**Your goal**
Without including the pictures, copy out every line below.

**Collected data**
------------------------
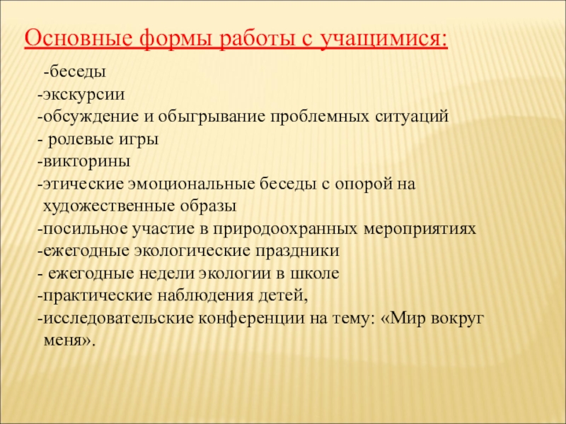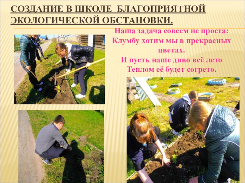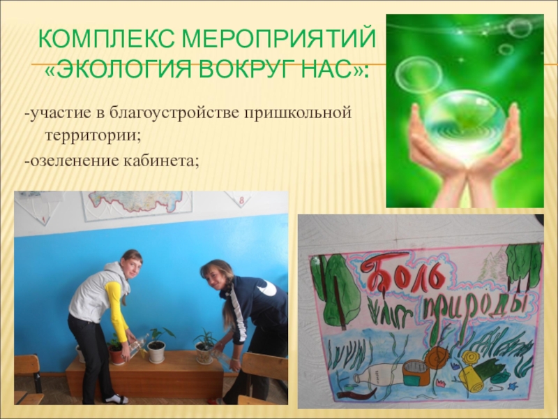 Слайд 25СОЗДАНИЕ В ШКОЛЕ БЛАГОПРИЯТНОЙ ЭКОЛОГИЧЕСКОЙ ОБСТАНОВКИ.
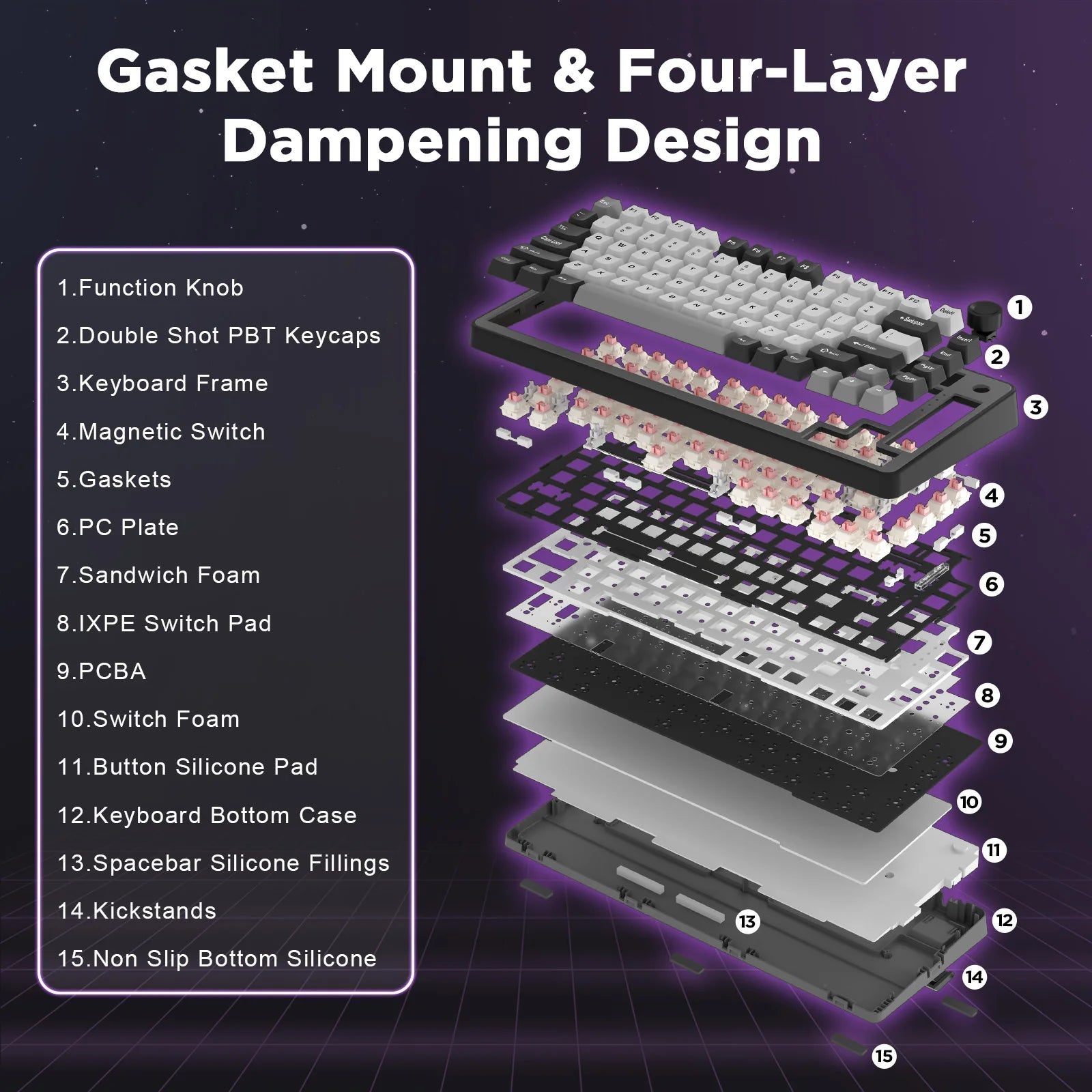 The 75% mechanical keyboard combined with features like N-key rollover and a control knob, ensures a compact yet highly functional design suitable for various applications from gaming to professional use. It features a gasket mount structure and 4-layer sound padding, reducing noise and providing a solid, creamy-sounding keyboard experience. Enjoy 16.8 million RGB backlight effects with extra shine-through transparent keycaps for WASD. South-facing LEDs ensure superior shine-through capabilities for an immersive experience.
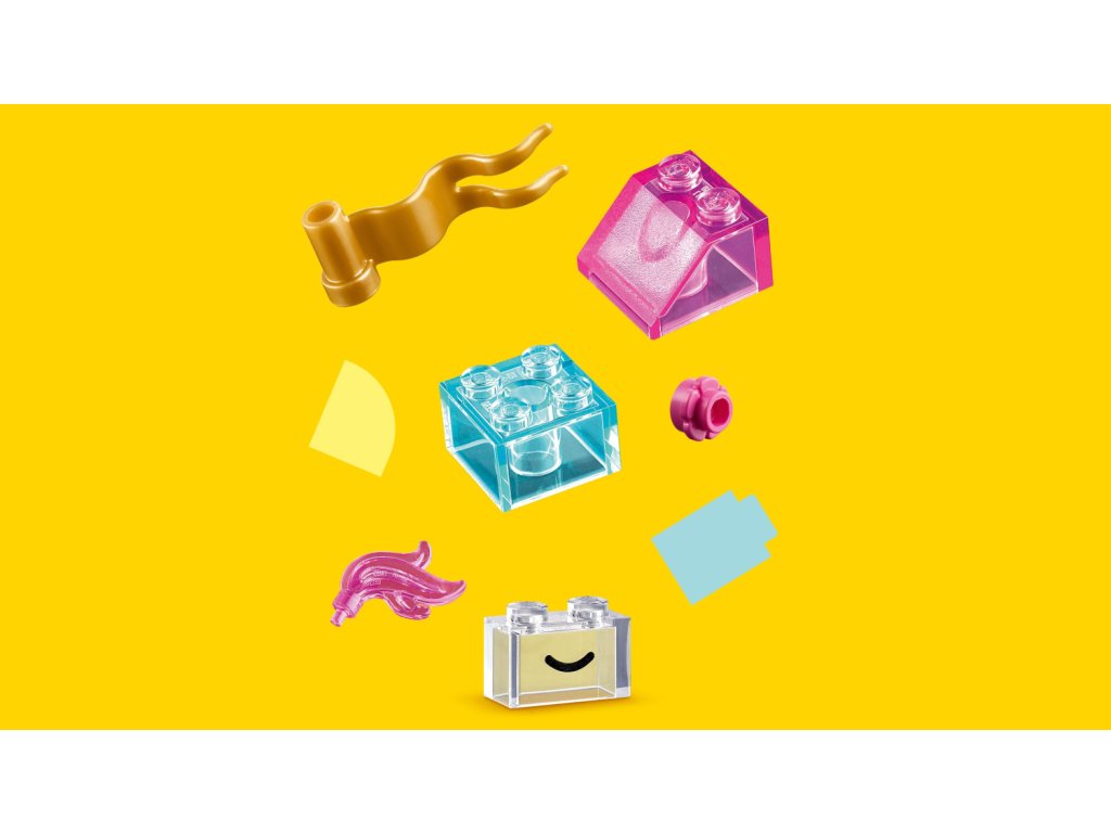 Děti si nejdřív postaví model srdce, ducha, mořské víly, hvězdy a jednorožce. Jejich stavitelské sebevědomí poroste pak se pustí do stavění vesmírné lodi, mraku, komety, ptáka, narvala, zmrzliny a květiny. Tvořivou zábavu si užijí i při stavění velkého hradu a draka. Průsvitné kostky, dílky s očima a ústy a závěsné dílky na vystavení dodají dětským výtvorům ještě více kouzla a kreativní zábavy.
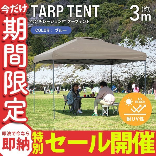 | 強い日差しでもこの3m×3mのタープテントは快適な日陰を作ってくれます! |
------------------------
**Answer space**
 Слайд 25СОЗДАНИЕ В ШКОЛЕ БЛАГОПРИЯТНОЙ ЭКОЛОГИЧЕСКОЙ ОБСТАНОВКИ.
 The 75% mechanical keyboard combined with features like N-key rollover and a control knob, ensures a compact yet highly functional design suitable for various applications from gaming to professional use. It features a gasket mount structure and 4-layer sound padding, reducing noise and providing a solid, creamy-sounding keyboard experience. Enjoy 16.8 million RGB backlight effects with extra shine-through transparent keycaps for WASD. South-facing LEDs ensure superior shine-through capabilities for an immersive experience.
 Děti si nejdřív postaví model srdce, ducha, mořské víly, hvězdy a jednorožce. Jejich stavitelské sebevědomí poroste pak se pustí do stavění vesmírné lodi, mraku, komety, ptáka, narvala, zmrzliny a květiny. Tvořivou zábavu si užijí i při stavění velkého hradu a draka. Průsvitné kostky, dílky s očima a ústy a závěsné dílky na vystavení dodají dětským výtvorům ještě více kouzla a kreativní zábavy.
 | 強い日差しでもこの3m×3mのタープテントは快適な日陰を作ってくれます! |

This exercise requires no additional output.